Mastic ice cream
Mastic ice cream is an ice cream with stretched and sticky texture. It is named after the "mastic" spice
Mastic ice cream is common in Arab countries and Turkey. Originally, the only mastic ice cream was in Turkey. The recipe was secret. In the mid 19th century, a Syrian trader in Istanbul stole the secret recipe of the ice cream and took it to Damascus. There he developed a local version of the ice cream that gave it a light and airy texture. He exported the ice cream to the Arab countries. Because the mastic spice is expensive and difficult to get, ice cream sellers prefer to replace the mastic spice with glucose.
Two types of mastic ice cream[change | edit source]
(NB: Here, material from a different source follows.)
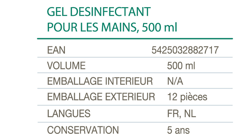 Le gel élimine 99,99% des bactéries. Testé dematologiquement. Ingrédients actifs : 70% éthanol (CAS64-17-5), aloe vera, biocideet produit virucide destiné à l'hygiène humaine TP1. Les enfants de moins de 6 ans peuvent utiliser le produit sous surveillance.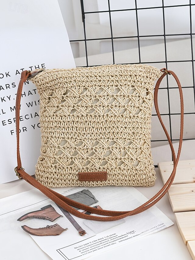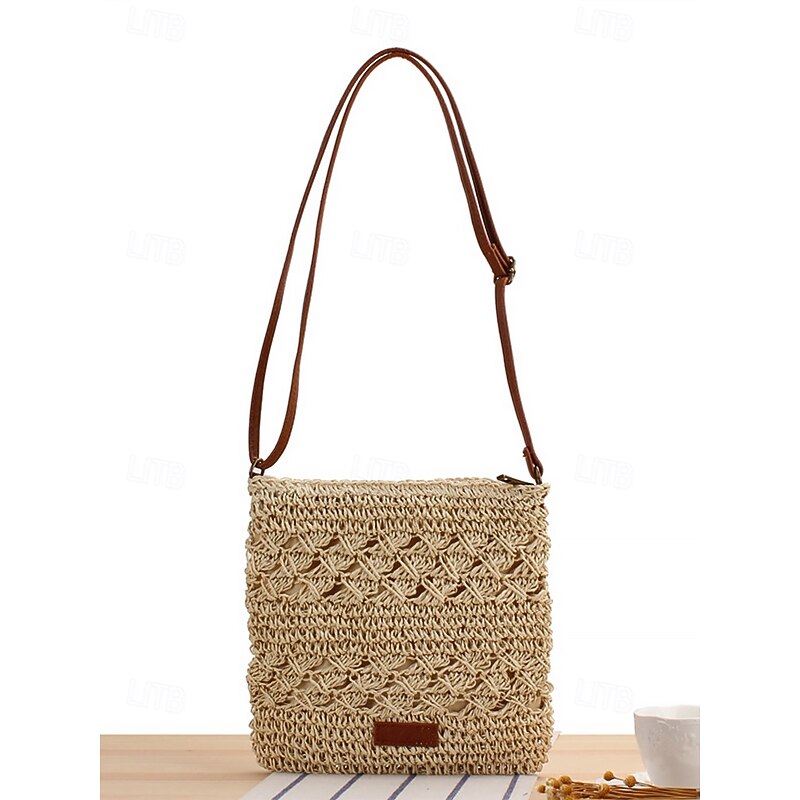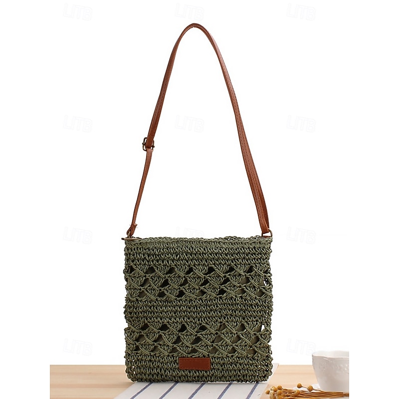 sizzling ! Handwoven Straw Crossbody Bag for Women – Boho Rattan Shoulder Bag with Adjustable Strap, Lightweight Summer Beach Purse for Vacation, Travel & Casual Outings Army Green Brown Khaki

Turkish mastic ice cream or dondurma (Turkish: Maraş dondurması, the ice cream of Maraş city) is the original mastic ice cream. It is much more difficult and heavy than the Arabic mastic ice cream. It has more fatty because it has more sweet cream or heavy cream with a high fat percentage. In the past, people who lived in the mountains made it with snow, goat milk, mastic, and "dried orchidaceae powder" (type of "tubers"). In southeast Turkey, the ice cream was more solid and sticky because of the powder of the orchid flowers that grow there. This ice cream is so solid that a knife and fork is used to eat it.
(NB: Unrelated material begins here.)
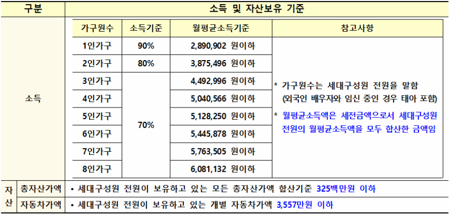 7. 국민임대아파트입주 조건 - 소득 및 자산 보유 기준

Arabic mastic ice cream or Booza (Arabic: الآيس كريم واللبن, milk ice cream) is fibrous and elastic. It is very sticky, which makes it melt more slowly in the hot Arab countries. It is also softer than the Turkish ice cream. In Iraq, it is customary to eat the ice cream on square wooden sticks. This type is most common in Syria and Lebanon. There are ice cream sellers who show tourists where they grind the "mastic resin" with a mortar and pestle while singing and playing. In the old city of Damascus, there is a famous ice cream store who called "bakdash" that is famous in the Arab world for its Arabic mastic ice cream. It is a popular attraction for tourists, especially tourists from Arab countries.